Winter’s White Silence
The size and aesthetic power of Winter’s White Silence makes it a very dramatic and memorable piece. It is definitely one of my favourites in the Leamington Art Gallery – as it probably is for almost everyone that visits.
Lucy Kemp-Welch was born in Bournemouth in 1869 and died in 1958. In 1891 she attended Hubert von Herkomer’s art school. He prompted Kemp-Welch to pursue animal painting, in which she became very successful: In 1914 she became President of the Society of Animal Painters and later had a solo exhibition in Bond Street. She was the foremost equestrian painter in her time and is best known for her illustrations in J. M. Dent’s 1915 edition of Black Beauty.
Kemp-Welch was twice nominated for election to the Royal Academy, but she was unsuccessful both times – because she was a woman – and was not accepted in professional artistic circles at the time. However, Winter’s White Silence was exhibited in the Royal Academy in 1924 (the year the painting was finished).
She painted horses obsessively throughout her life. Some of these paintings were so huge that the horses were life-size and so bigger even than the artist. Due to the magnitude, quantity and detail of her work, Kemp-Welch’s paintings have come to constitute a record of dwindling horse breeds: their work and relationship with the landscape. These breeds of horses started to vanish with the rise of industrialization throughout the 19th century. Kemp-Welch reacted against these changes by showing the fundamental role horses played in her contemporary society. She painted horses in a great variety of places, situations and work, suggesting that they had limitless tasks.
Kemp-Welch rode horses herself from a young age. Horse riding gave middle class girls a degree of independence because it allowed them to explore surroundings without a chaperon. With this liberating experience possibly in mind, she painted horses from a woman’s perspective rather than that of a workingman’s.
When Kemp-Welch was painting, the world was in transit for women as well as horses. Being in a period of transition is one of the similarities that link the artist to her subject matter and suggests an affinity between the two. However, women were about to assert themselves, in terms of gaining equal rights to men and more prominent positions within public life, whereas working horses were on the brink of decline in number and power because they were being replaced with machinery.

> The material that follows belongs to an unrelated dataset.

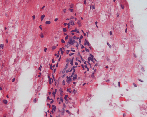 Lymphoma and leukemia: Isolated primary lymphoma of the spinal cord is very rare. Most primary lymphoma of the central nervous system are diffuse large-B cell lymphoma with significant nuclear pleomorphism. Recognition of this entity not difficult. The morphology of lympomatous and leukemic infiltration is dependent on the histologic type of the primary tumor. A knowledge of pre-existing lymphoma or leukemia and its histologic type is important. Flow cytometry is a very helpful tool in distinguishing non-clonal lymphocytic infiltration from lymphomatous and leukemic infiltration with low grade histology. This decision, however, must be made during intraoperative consultation. A high index of suspicion, careful clinical and radiological correlation, careful morphological and immunohistochemical study of permanent sections would usually allow recognition of lymphomatous or leukemic infiltration.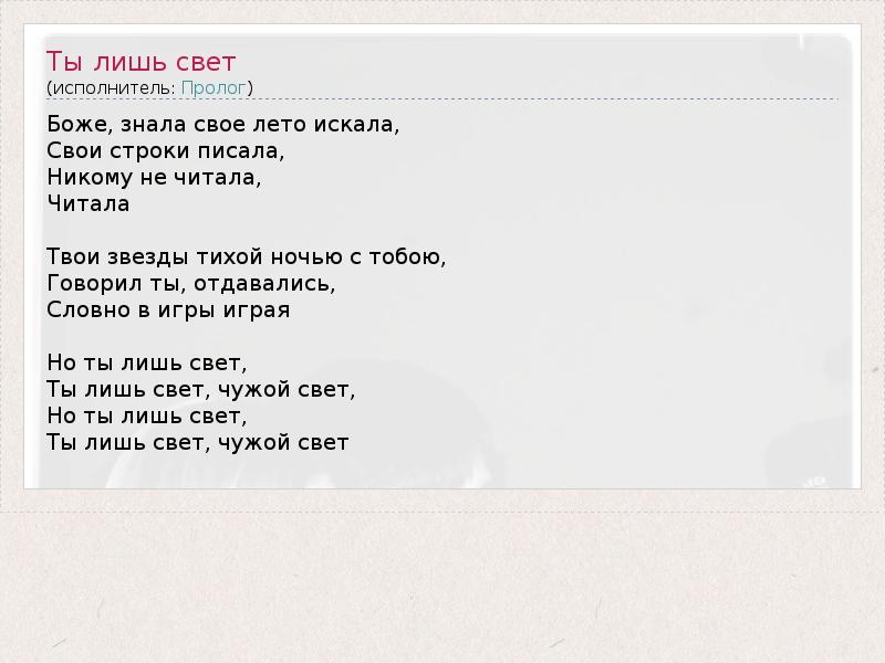 Боже, знала свое лето искала, Свои строки писала, Никому не читала, Читала Твои звезды тихой ночью с тобою, Говорил ты, отдавались, Словно в игры играя Но ты лишь свет, Ты лишь свет, чужой свет, Но ты лишь свет, Ты лишь свет, чужой свет

Kemp-Welch portrays these ideas that horses were fundamental to society, and to her own life as a woman, in a way that positions the horses as heroes. This is conveyed in Winter’s White Silence partly because the viewer’s eye is drawn towards the horses rather than the men. The lighting and bold brush strokes are most dramatic and evident around the horses, making them the focus. Also, the men’s dark clothing sets off the animals, further emphasizing their prominent position. It is the horses that are doing the work and who are shown to be strong. In this way, this painting dignifies, and even immortalizes, the horses and their work. Therefore Kemp-Welch here gives an unusual angle to a common rural, working scene.
Winter’s White Silence is a relatively small work of the artist’s. It was painted between 1923-24. Throughout the 1920s, Kemp-Welch painted a series of snow scenes. These could well have been painted outside: she frequently made sketches from horseback and worked with the horses and labourers to capture their experiences first hand. She loved to paint horses from real life, outside in the open, and would construct makeshift sheds around her canvases so she could leave her work outdoors until the piece was finished.

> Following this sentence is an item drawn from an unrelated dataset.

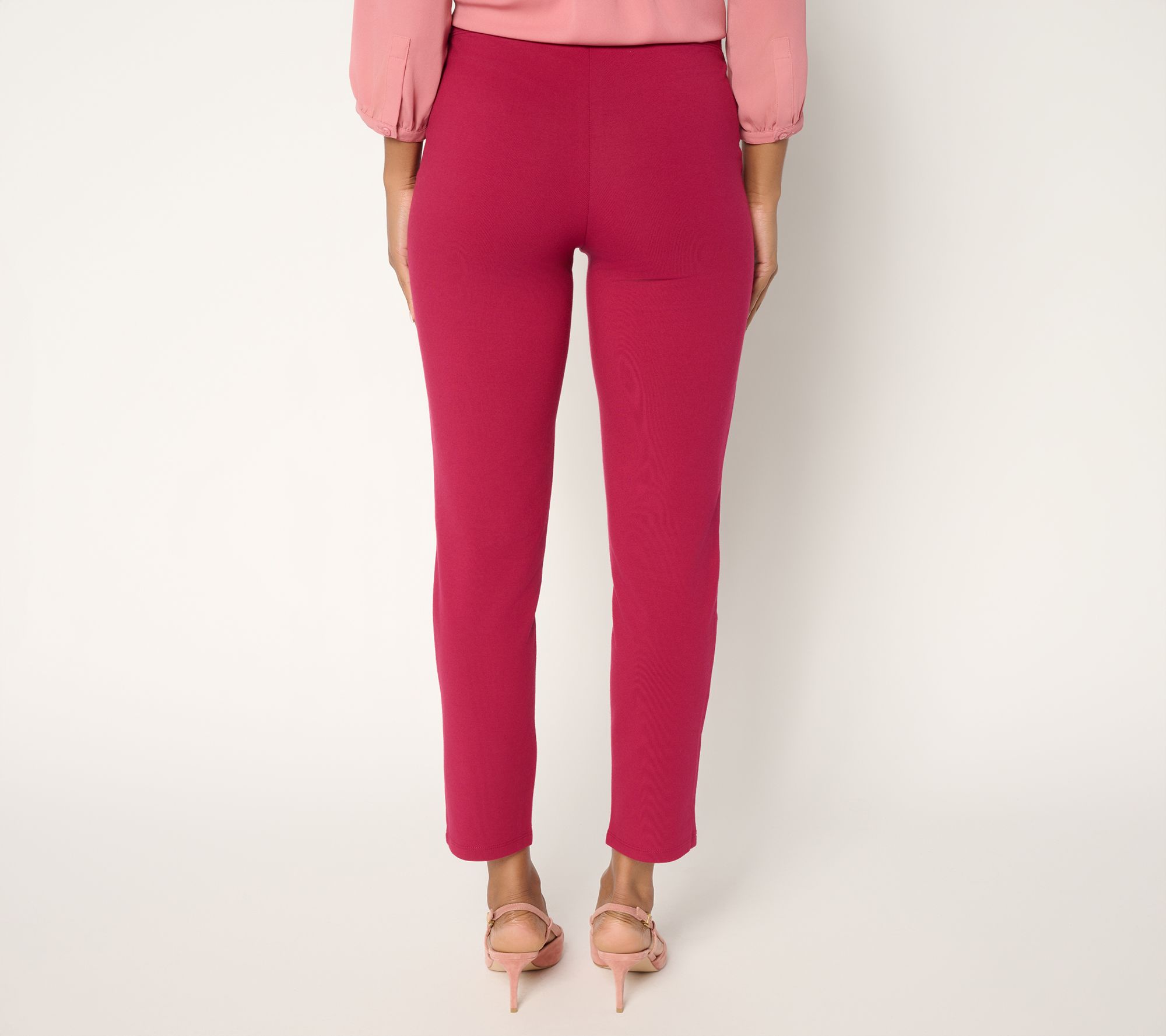 An easy way to stay comfortable (and looking chic!) on busy days, these 86/14 slim leg ankle pants feel great with flexible knit stretch and a contoured elastic waistband. Whether dressing up for work or running errands, the fitted silhouette pairs well with flats, loafers, sneak, or booties for all-day style and ease. From Women with Control®.

The many colours used to paint the ‘white’ snow intensify the chilly temperature and frosty season portrayed in the painting. It is a clever device – presenting a snowy scene that at a quick glance appears white. Yet with further pause, there are many colours such as blues, purples, browns and greys that are used to depict the snow. This creates great depth and texture to the natural scene, which gives a realistic and tangible quality to the snow. Being able to define a white horse within a white snowy scene indicates the skill of the artist, and her attention to detail. Kemp-Welch herself once said, “the first things to be noticed about painting a white horse are the small amount of actual white and the warm green colour of the shadows”.
The snow tracks in the foreground lead the viewer’s eye across and into the painting in a way that makes the eye concentrate on the horses and the snow surrounding them. Due to this, it could be argued that the snow and the natural setting is just as fundamental a part of the painting’s themes, form and composition as the animals. So it is very much a painting about the horses, their work and their environment.
Sadly, Kemp-Welch herself declined into relative obscurity as an artist by the end of her life, and so suffered a similar fate to the horses that she loved and painted throughout her artistic career. Though it is pleasing to see that her talent and legacy is being kept alive here and in such a prominent position in the Leamington Art Gallery.